*** Opening of Task material ***

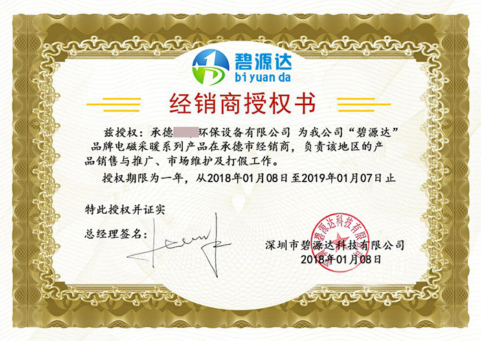 考察完后!張總與我司簽訂了河北省承德市經(jīng)銷商合作協(xié)議,公司董事長李學兵先生為張總頒發(fā)了電磁采暖爐/電磁加熱器系列產(chǎn)品經(jīng)銷商授權書。
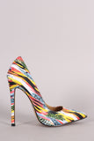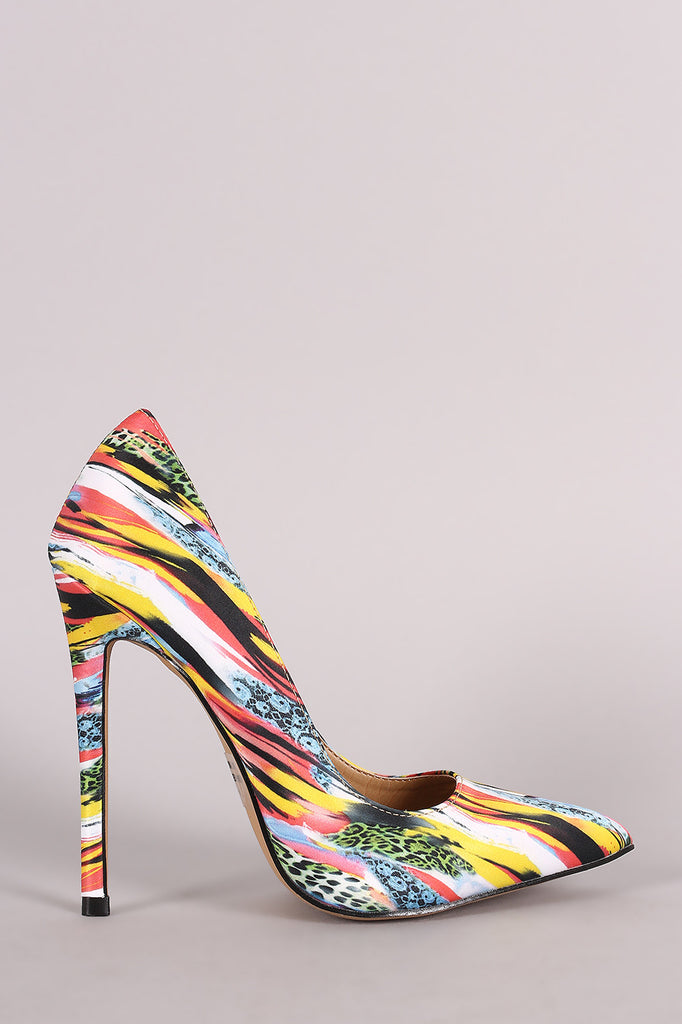 This  pointy toe  silhouette, scooped vamp, mixed print satin throughout, and wrapped stiletto heel. Finished with a lightly padded insole and easy slide style.
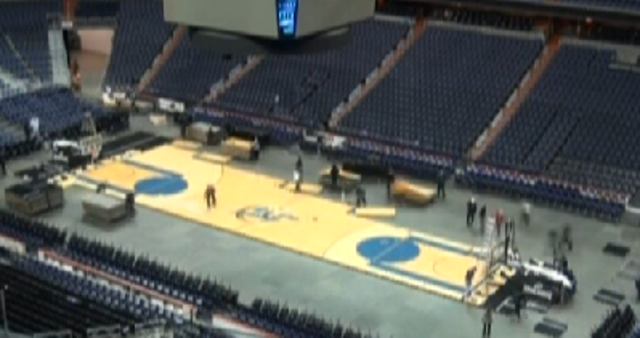 Have you ever wondered how the Verizon Center transforms from a hockey rink into a basketball court when the Capitals and the Wizards play at home on the same day? TBD’s Sara Kenigsberg filmed this awesome behind-the-scenes look at the transformation in action, as crews resurface the ice, take down the glass around the rink, lay down concrete slabs, take out the penalty boxes and boards, retract and install a bunch of seats, and then hammer the maple basketball floor down into place — all in the span of about three hours.
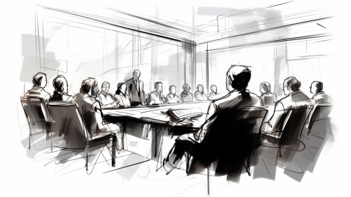 black and white storyboard, simplified sketch, gestural lines, very clouse up, other colleages listening to presentation in the meeting room --ar 16:9
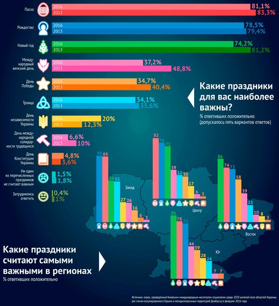 В мае общество почти разделилось на тех, кто считает майские выходные праздником, и тех, кто относится к ним как к наследию советского прошлого. На самом деле 1–2 и 9 Мая занимают лишь шестую и восьмую позиции в рейтинге важности праздников у украинцев. Из девяти* основных государственных праздников — гражданских и церковных — самыми главными украинцы считают Рождество и Пасху. Кстати, по сравнению с 2013 годом важность праздников для украинцев явно уменьшилась, за исключением разве что Дня независимости и Дня Конституции
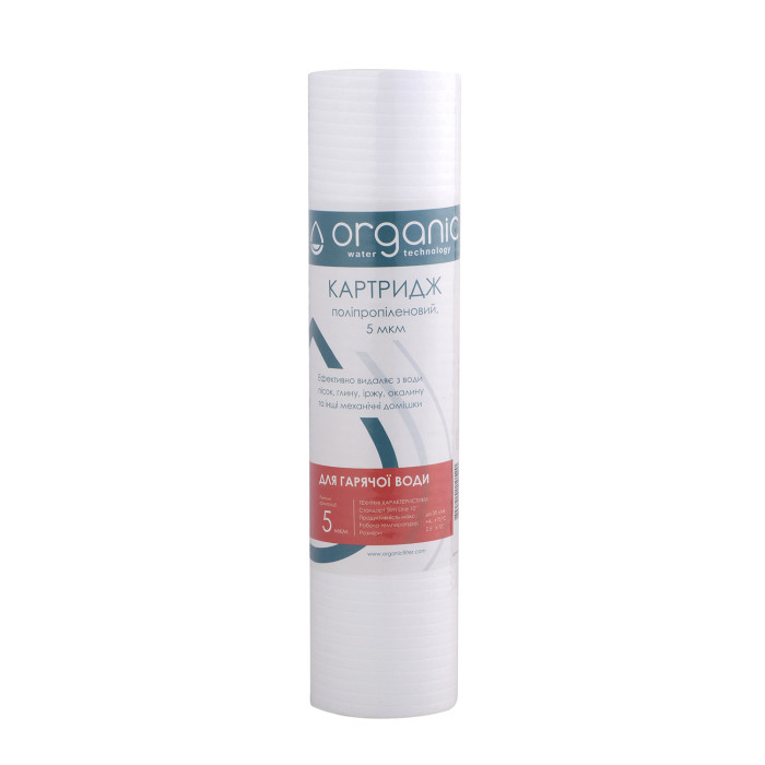 Картридж поліпропіленовий Organic DM10PP5Н використовується для видалення з гарячої води більших механічних домішок. Як фільтруючий матеріал застосовується спінений поліпропілен.
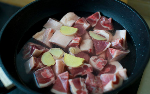 2、锅中放凉水,水量要可以没过鸭肉。水中放4-5片姜片,2汤匙料酒,将鸭块放入凉水锅中。开大火加热至沸腾,用勺子撇去表面浮沫,继续大火煮5分钟后关火,将鸭肉捞出,将里面姜片拣出,沥水备用
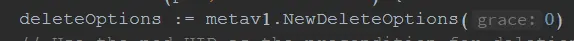 canBeDeleted方法返回true,kubelet调用apiserver的delete接口再次删除Pod。不过,与优雅删除不同的是,这次调用,多了一个deleteOptions字段
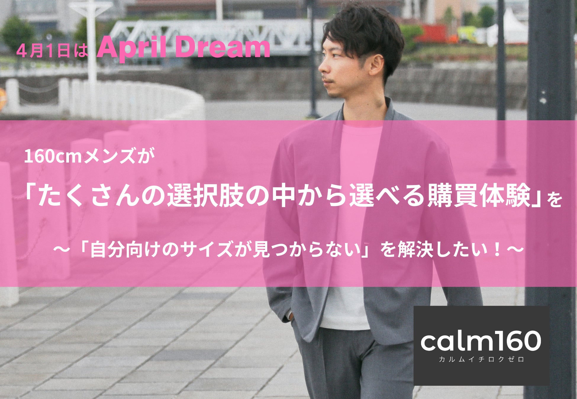 株式会社ファイブミーターズ(所在地:福岡県福岡市、代表取締役:稲田美紀)は、4月1日を夢を発信する日にしようとするApril Dreamに賛同しています。このプレスリリースは身長160cm前後男性のためのファションブランド「calm160」の夢です。
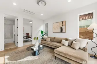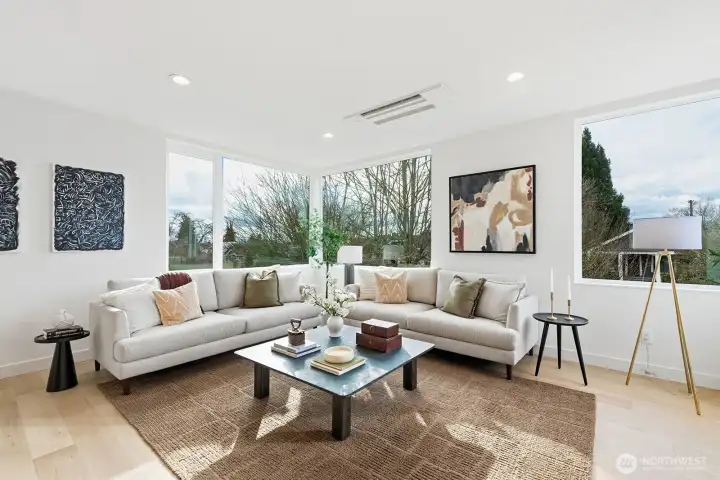 Stunning new construction thoughtfully completed by Coombes Development! Enjoy a spacious 4 bed + media/rec room, 3.25 bath home with expansive windows, high-end finishes, & quality design. Find a chef's kitchen with a generous island, quartz counters, high-end appliances, and plenty of cabinetry. The open-concept & light-filled living and dining rooms are a great space to entertain, and the powder room provides convenience. Up, find a luxurious primary with tall ceilings, a walk-in closet, and a spa-like bath. Two additional bedrooms, shared full bath, & laundry room up. To top it off, enjoy a private rooftop deck with breathtaking Sound and Olympic views for summer fun. The 4th bedroom & media/rec room with yard access on the lower level provide a great guest suite and flex space. The attached 1-car garage with direct access to the main living level is a rare treat. Additional luxuries include mini-splits for heating & cooling, heated bathroom floors, and EV-ready. Conveniently located near California Ave with shops, restaurants, & more at your disposal. 90 Walkscore and great access to the West Seattle bridge. This is it!
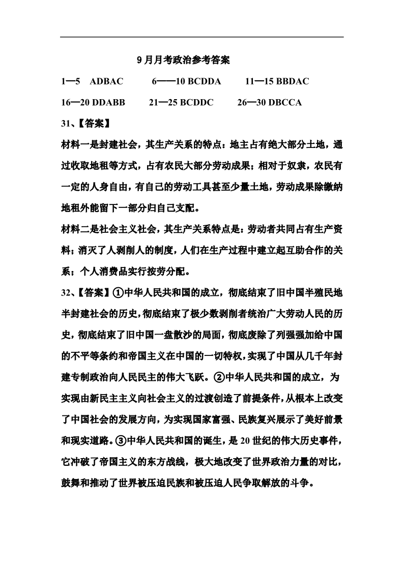 高一政治答案--陕西省汉中市西乡县第一中学2025-2026学年高一上学期9月月考
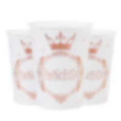 10 kpl hienoja valkoisia, prinsessa-aiheisia pahvimukeja jossa on hieno ruusukullanvärinen foliokoristelu.
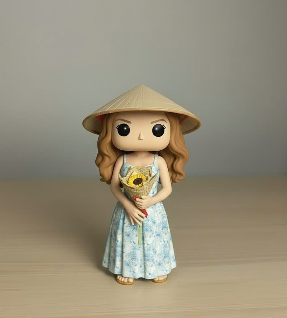 - Nguyen Nguyen (No. 1422): Radiantly poised, Nguyen Nguyen embodies traditional grace. She wears a beautiful ao dai-inspired dress adorned with delicate patterns and a classic nón lá (conical hat). In her hands, she gently holds a vibrant sunflower, symbolizing warmth, happiness, and a bright spirit. Her design captures the serene elegance often associated with Vietnamese women.
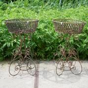 Twee gelijkende smeedijzeren bloemenmanden, 35 × 42 × 35 cm
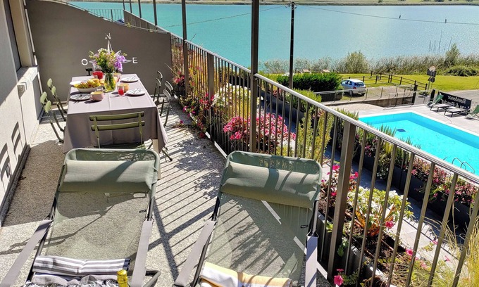 Your holiday home is surrounded by nature: the lake, a bird-watching and sports area at the same time: rowing, canoeing, stand-up paddling. Meadows on the lake side, rocky slopes on the mountain side, and occasional residential houses in the neighbourhood. On the lake side is the underwater-lit pool with deckchairs and the Jacuzzi. On the lakeside is the deckchair area and the dining table area with barbecue. Boat mooring on request. On the lake side is the panoramic balcony with canopy, dining table and two sun loungers.
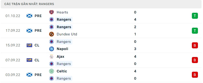 Phong độ gần đây Rangers FC
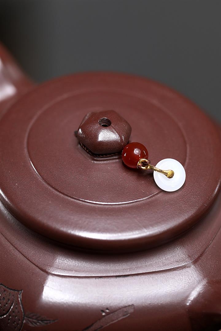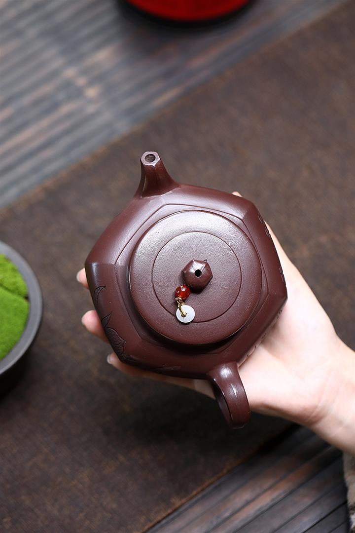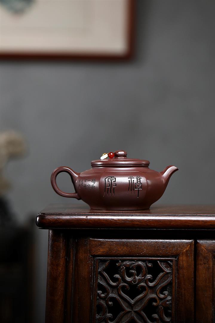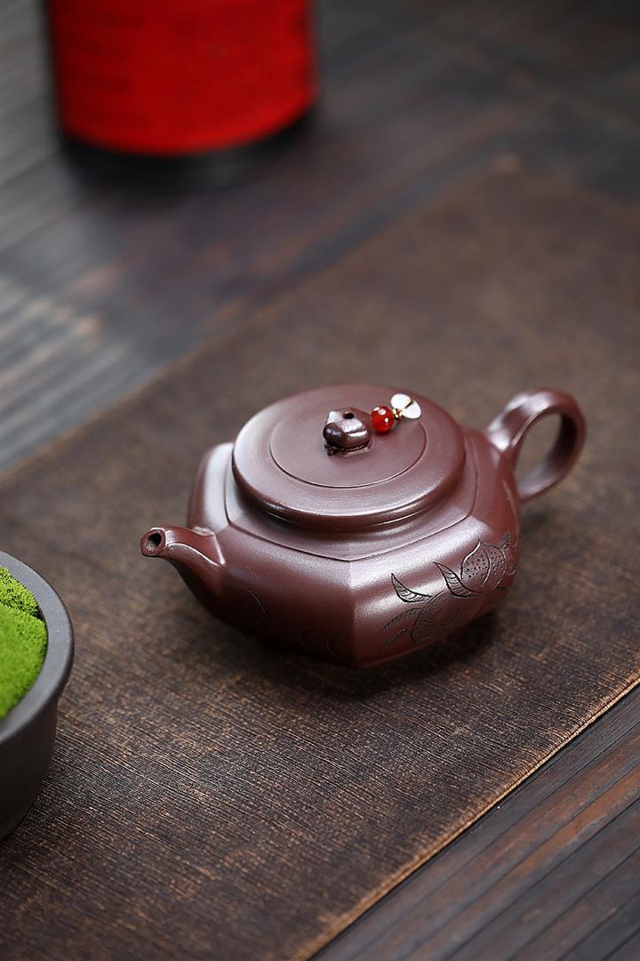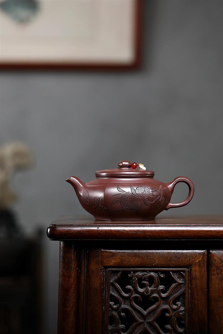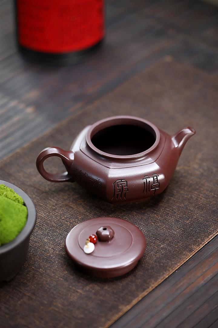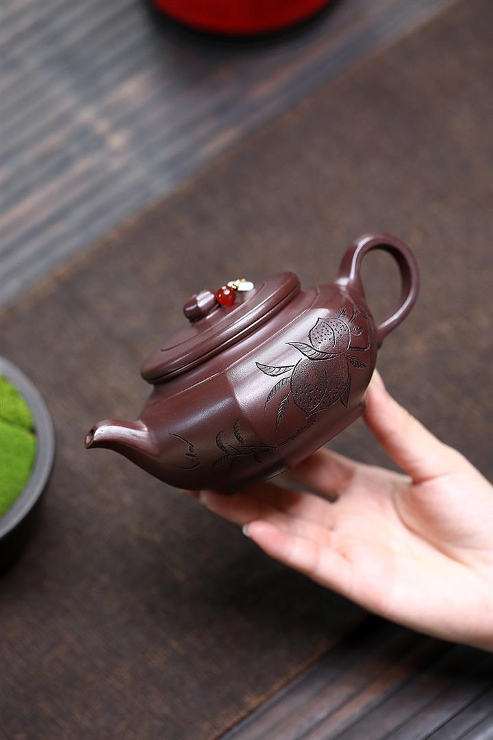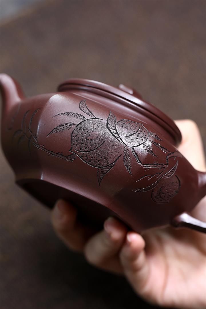 290cc原礦紫泥六方壽桃福源茶壺茶壺POT9038

*** Close of Task material ***

The required output is the exact run of lines from the start of the records through the line containing "easy slide style.", both ends included, with no pictures.

 考察完后!張總與我司簽訂了河北省承德市經(jīng)銷商合作協(xié)議,公司董事長李學兵先生為張總頒發(fā)了電磁采暖爐/電磁加熱器系列產(chǎn)品經(jīng)銷商授權書。
 This  pointy toe  silhouette, scooped vamp, mixed print satin throughout, and wrapped stiletto heel. Finished with a lightly padded insole and easy slide style.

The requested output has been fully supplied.